For me, the puzzle of it is that in many respects, Microsoft does appear to get it. Senior management seems to want standards conformance, as Mr Capossela’s letter demonstrates – indeed strategically, playing fair by standards has always seemed like the most obvious way for the corporation to extract itself from the regulatory thickets that have entangled it over the past decade. Microsoft employs many eminent and standards-aware people of unimpeachable record – they also obviously “get it”. And on the ground in the standards committees there are many delightful, talented and diligent people who seem fully-signed up to a standards-aware (dare I say “non-evil”?) approach—as the SC 34 meetings in Stockholm again recently evidenced.

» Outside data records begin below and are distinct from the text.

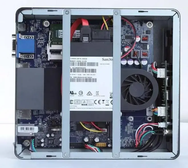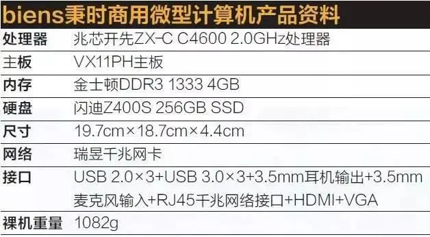 ▲biens秉时微型计算机由上海仪电智通信息技术有限公司推出,其内部由一块Mini-ITX主板搭载风冷主动散热设备,以及集成在板上的兆芯开先ZX-C C4600 2.0GHz处理器、4GB金士顿DDR3 1333 SO-DIMM内存、闪迪Z400S 256GB SSD等各类配件与板载芯片组成。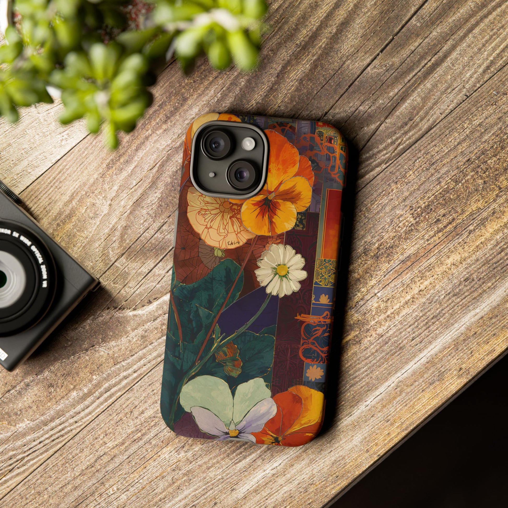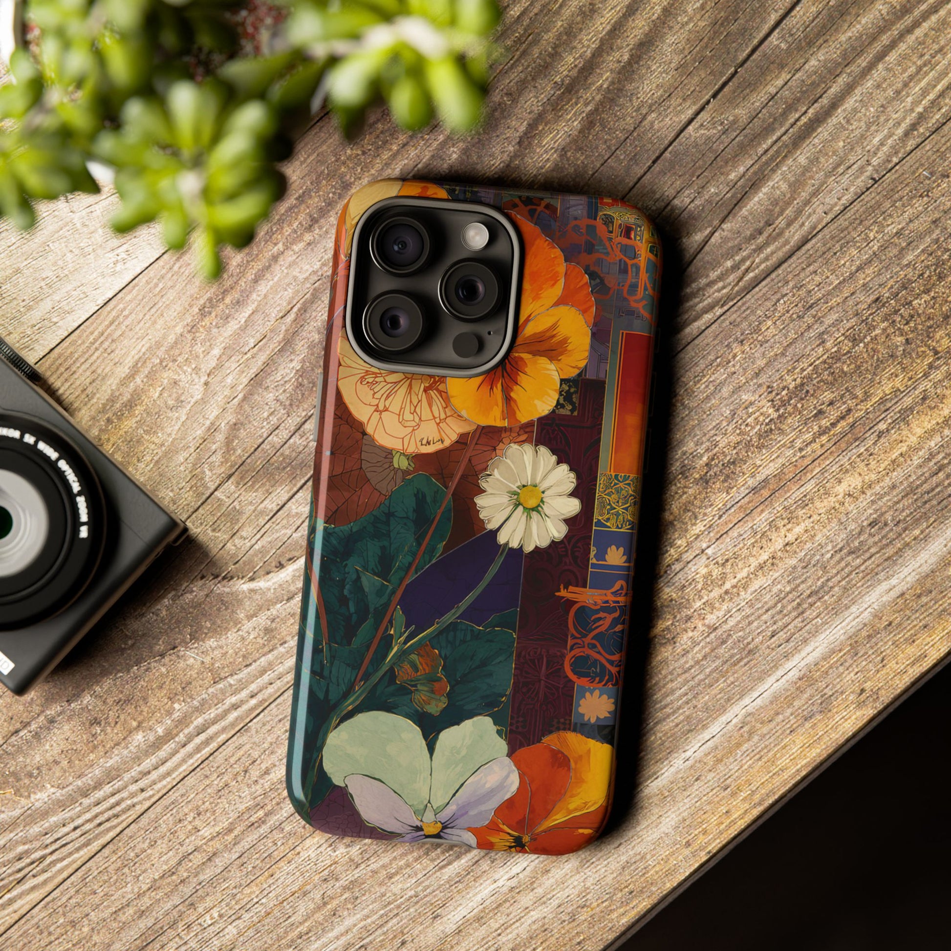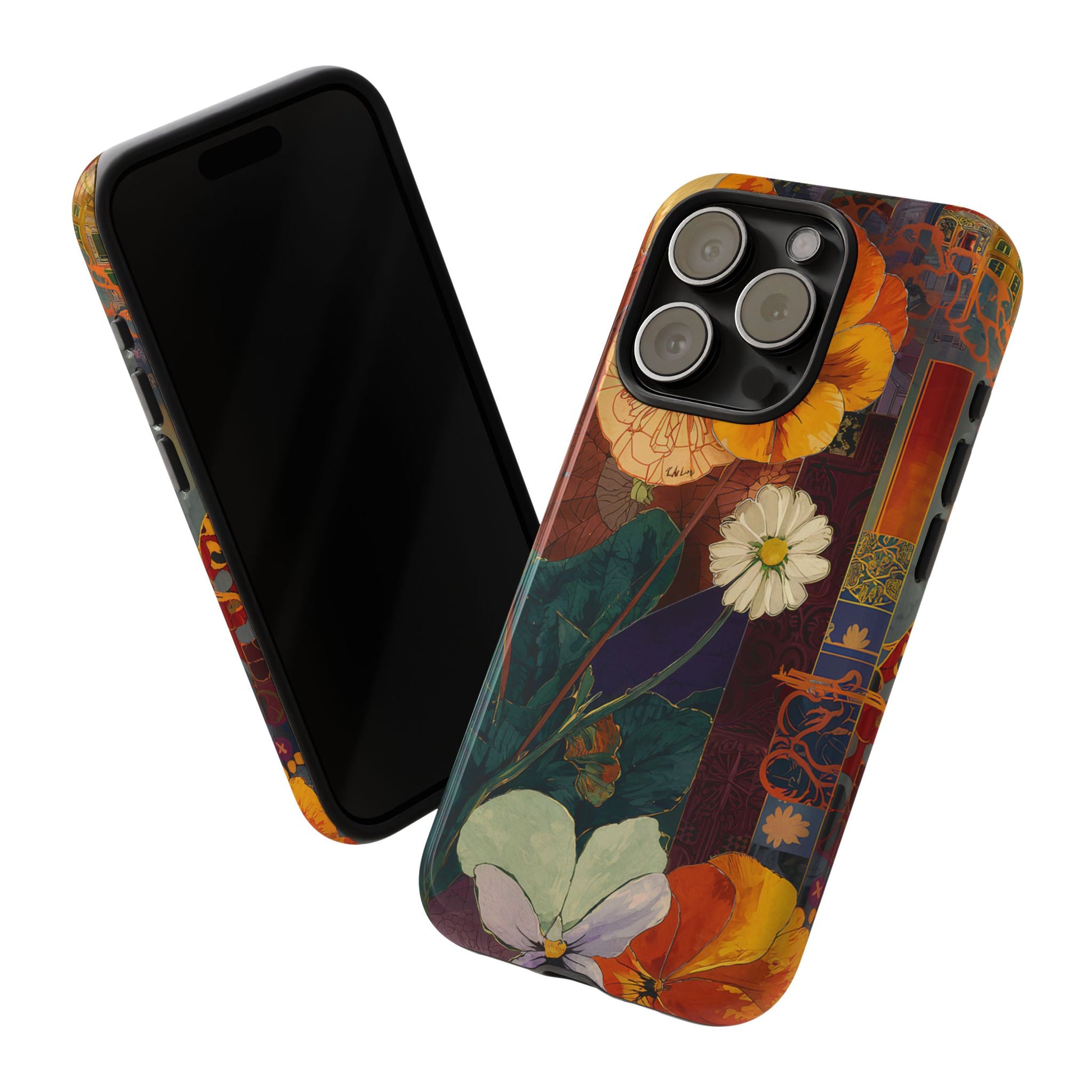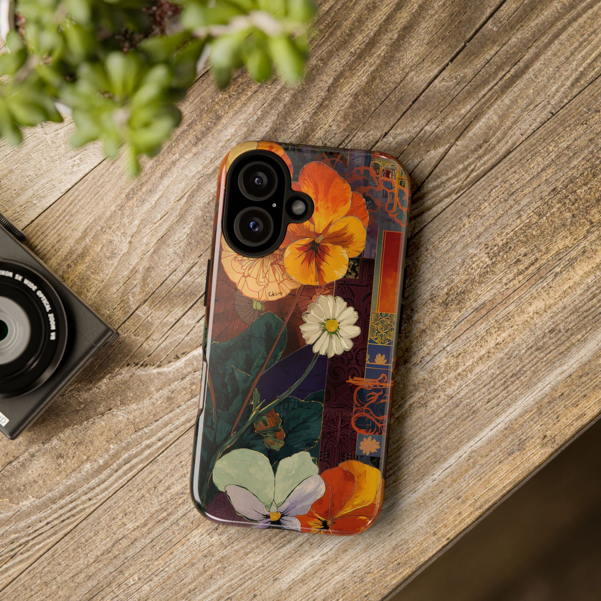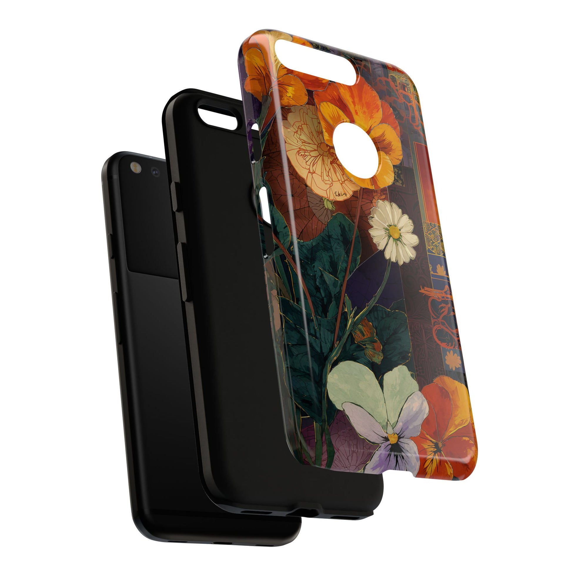 This floral protective phone case wraps your device in rich, painterly blooms and deep, layered textures. Warm pansies and delicate daisies spill across a moody, artful background, giving every glance a small moment of beauty. The dual-layer construction cushions drops while the glossy or matte finish keeps colors vivid. It feels like carrying a miniature work of art — sturdy enough for daily life, elegant enough to stand out when you pull your phone from a bag or pocket.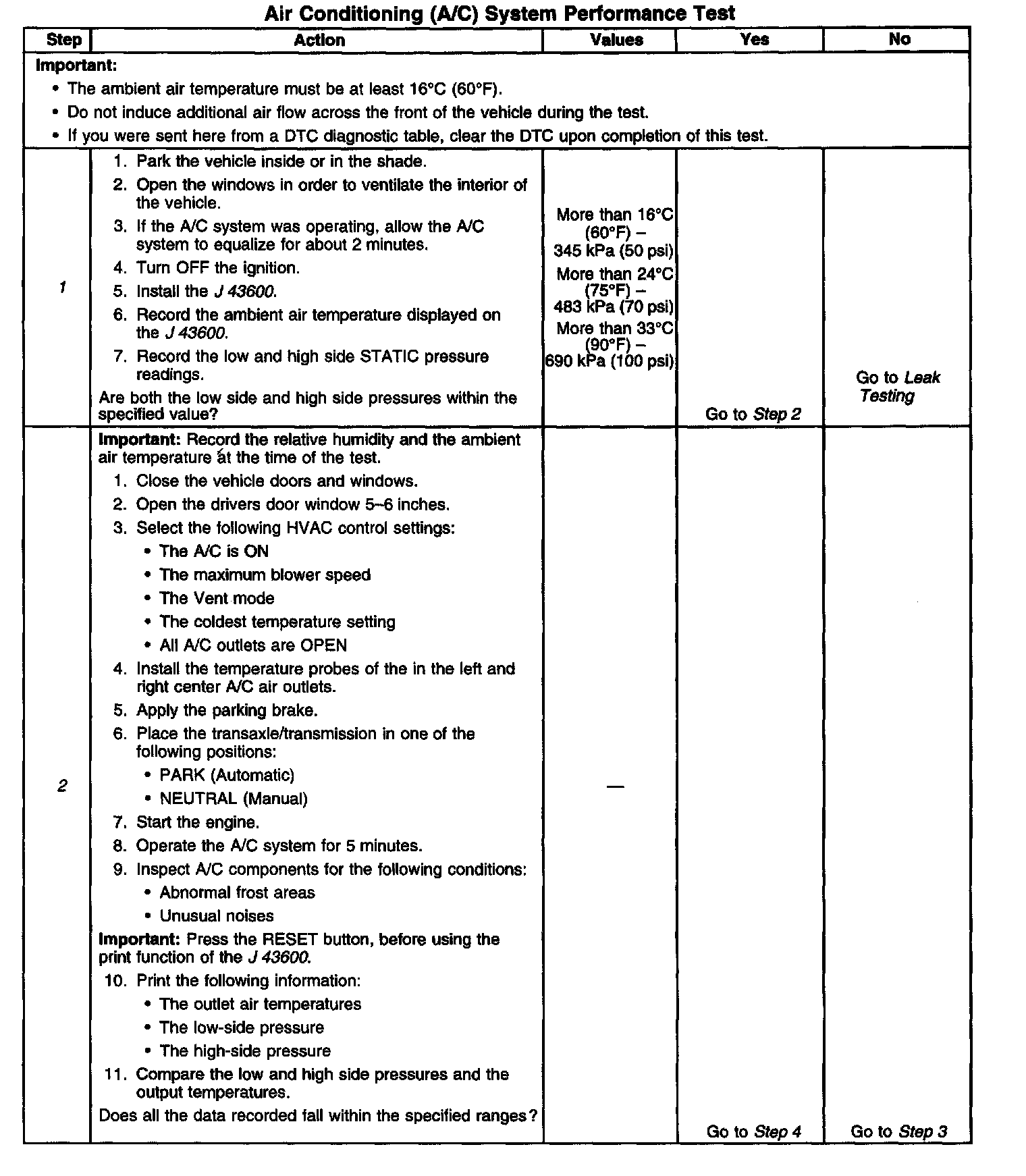 2. This step measures the performance of the A/C system.
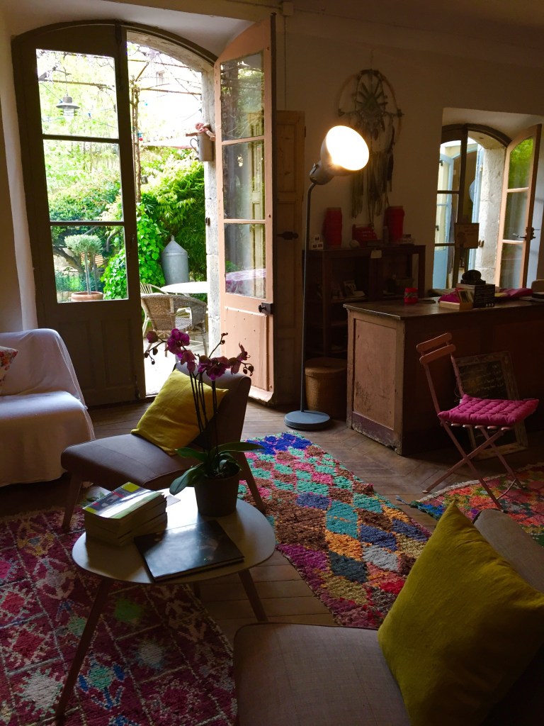 Hotel des Colonnes in Riez, Haute Provence, is really a one-of-kind experience in a well preserved 17th centrury building with an interior design filled with fun and colours. Four rooms, and you live in the same house as the owner, who used to have an antique-broquante shop and still holds a little café and interior design shop in the same building. Dinner is eaten in the kitchen or in the garden and everything is really really, awesome and different, like the monkey that joined us for dinner!?! Www.hoteldescolonnes-riez.fr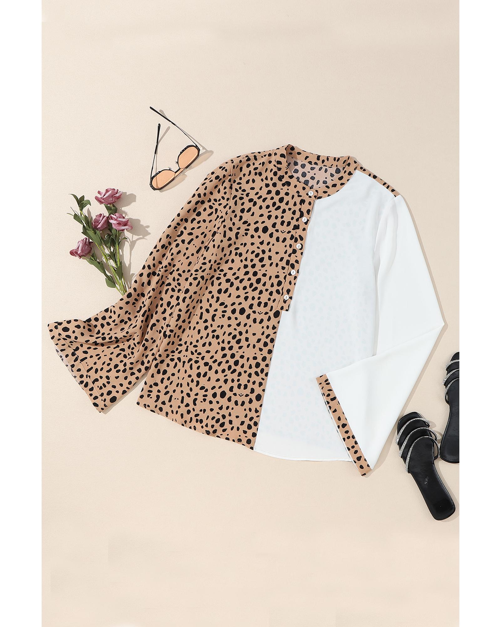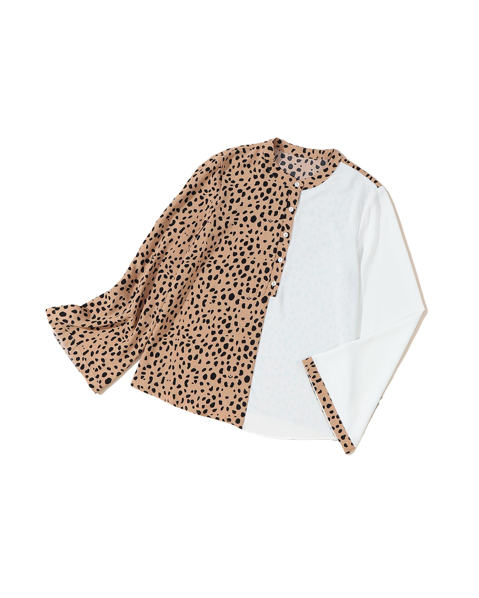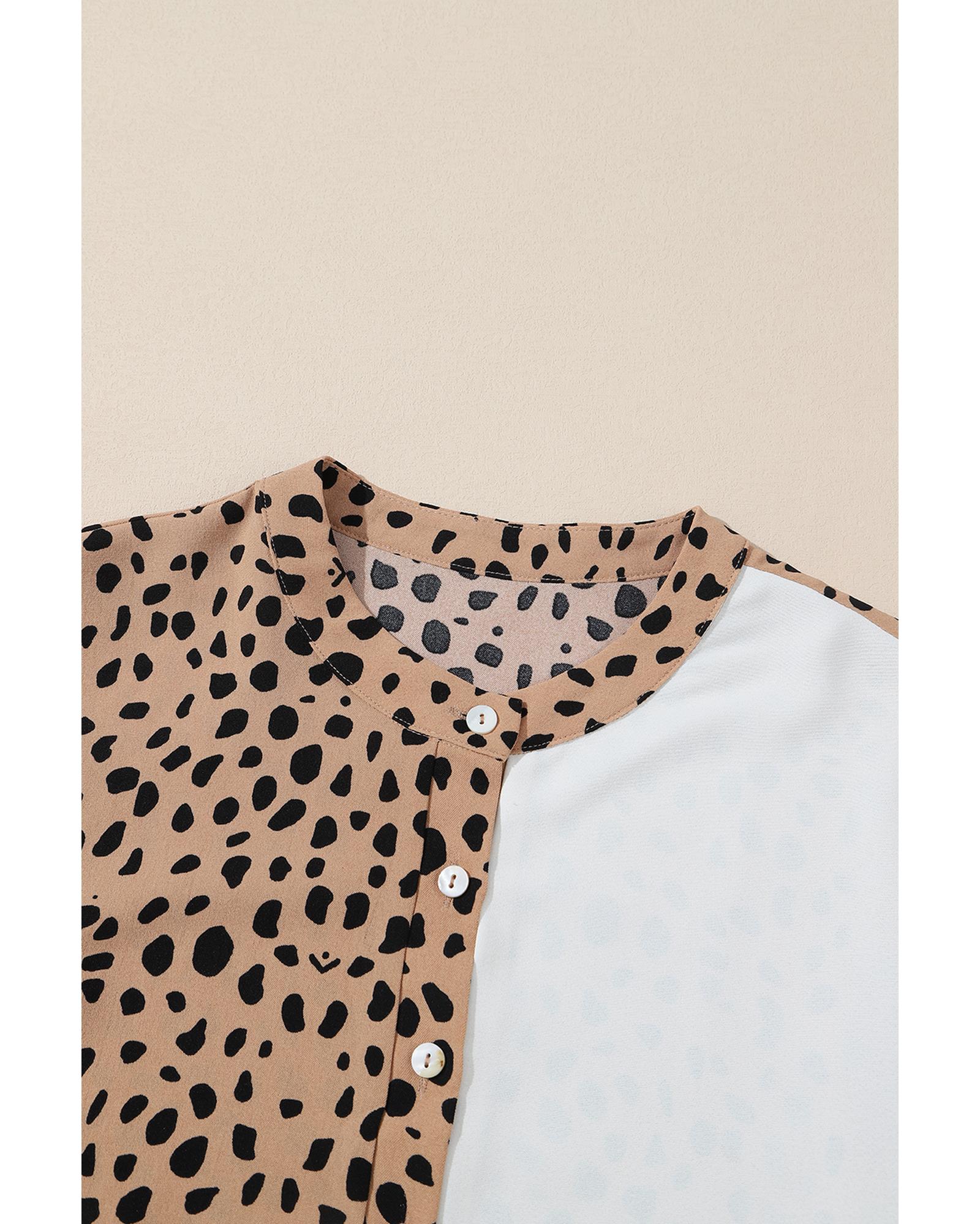 Khaki Leopard Contrast Half Button Casual Blouse – M
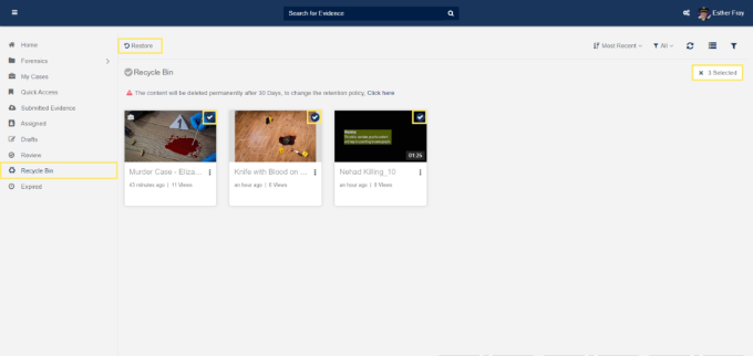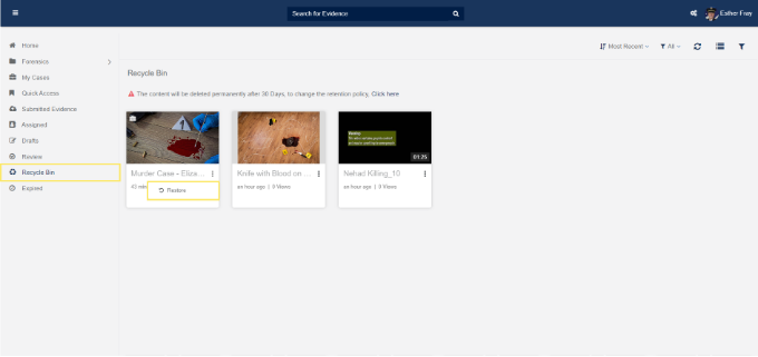VIDIZMO's DEM works as a secure vault for Law Enforcement Agencies for storing their evidence data in a systematically arranged manner. It allows officers to delete the evidence whenever the case has been closed. However, there is a chance that the evidence is mistakenly deleted. Hence, for the purpose of maintaining the integrity of digital evidence, VIDIZMO allows investigative officers to restore the evidence from Recycle Bin within a specific time period. Officers can also manually set the period for retention of the evidence.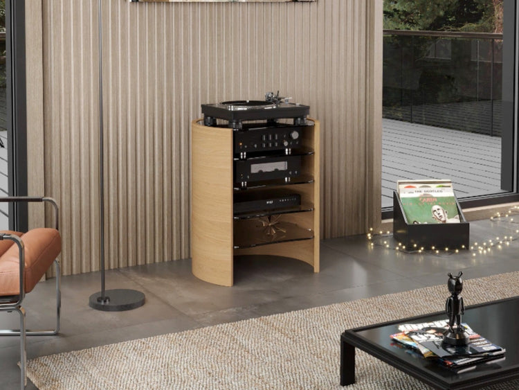 Elevate your audio experience with the Orbit Hi-Fi Rack, a masterpiece of design and functionality. Its five fully adjustable, smoked glass shelves provide a bespoke platform for your audio equipment, allowing for tailored configurations. The meticulously designed shelves promote essential ventilation, guaranteeing optimal operating conditions. Smart cable management preserves this hi-fi unit's sophisticated appearance, keeping your setup impeccably organized. Dimensions: 65cm x 55cm 76cm high. Oak natural held in stock for fast delivery.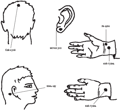 ВАНЬ-ГУ – за ухом, на 1–2 см выше границы волос над позвоночником, над мышцей, вплотную к кости.
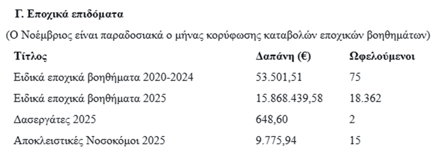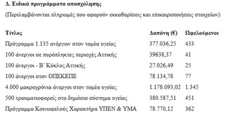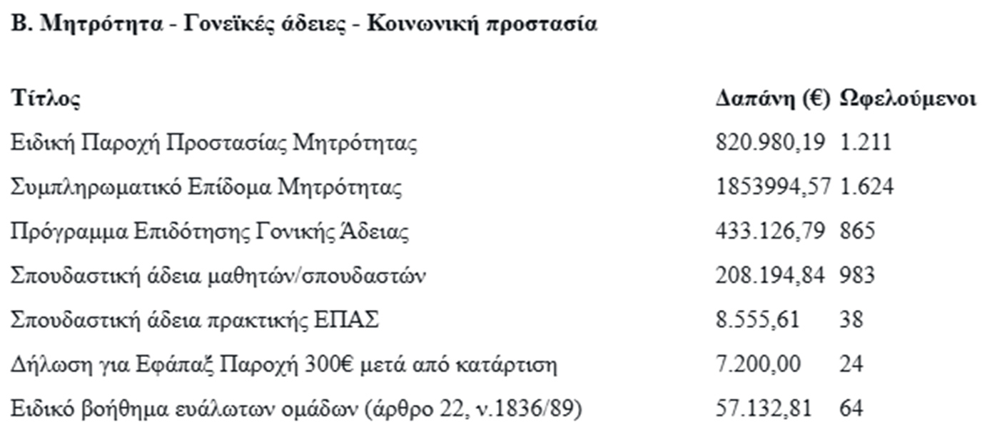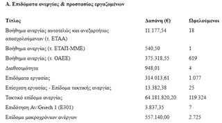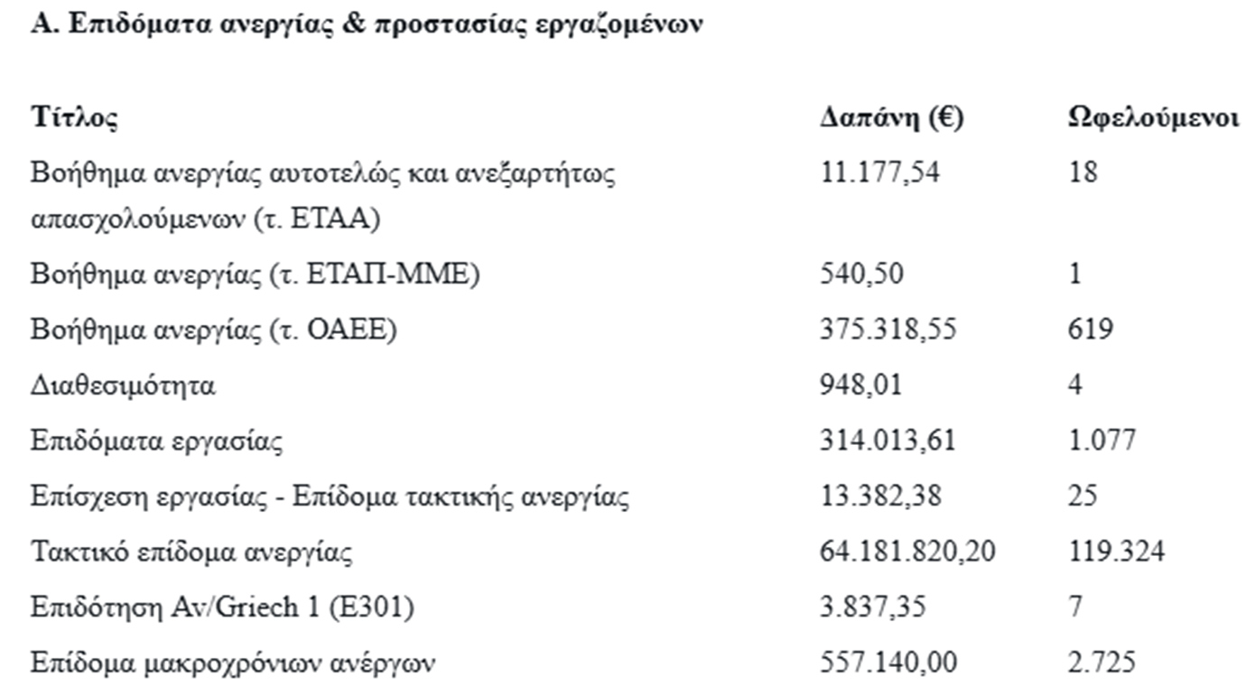 Ακολουθούν πίνακες, όπου παρουσιάζονται αναλυτικά οι συνολικές δαπάνες και ο αριθμός ωφελουμένων, οργανωμένες σε τέσσερις βασικές κατηγορίες.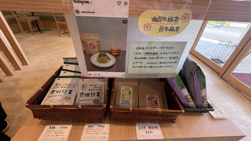 カフェ内には、自家栽培茶を中心に、こだわりの商品がずらり。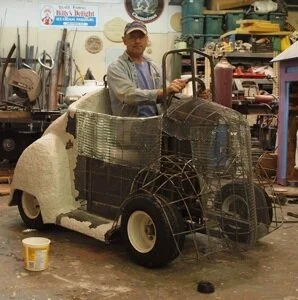 The car took rapid shape, first with structural steel and then with the armature and sculpting medium. As you can probably tell I enjoy the entire process.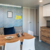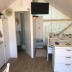 There's also a kitchen in some of the units equipped with a fridge, a stovetop, and a toaster.

And if we look elsewhere within Microsoft we can see – for example from their engagement with HTML 5 and work on MSIE – that they can move in the right direction when the will is there.

So why – given the awareness Microsoft has at the top, at the bottom, and round the edges – does it still manage to behave as it does? Something, perhaps, is wrong at the centre — some kind of corporate dysfunction caused by a failure of executive oversight.

But whether Microsoft senior management have directed the company to behave badly, or whether they have failed to control a bad corporate impulse, is ultimately of no interest or concern to the National Bodies engaged in Standardization: for them, the effect is the same. Some responses will, however, be necessary.

Moving forward

If Microsoft ship Office 2010 to handle only the Transitional variant of ISO/IEC 29500 they should expect to be roundly condemned for breaking faith with the International Standards community. This is not the format “approved by ISO/IEC”, it is the format that was rejected.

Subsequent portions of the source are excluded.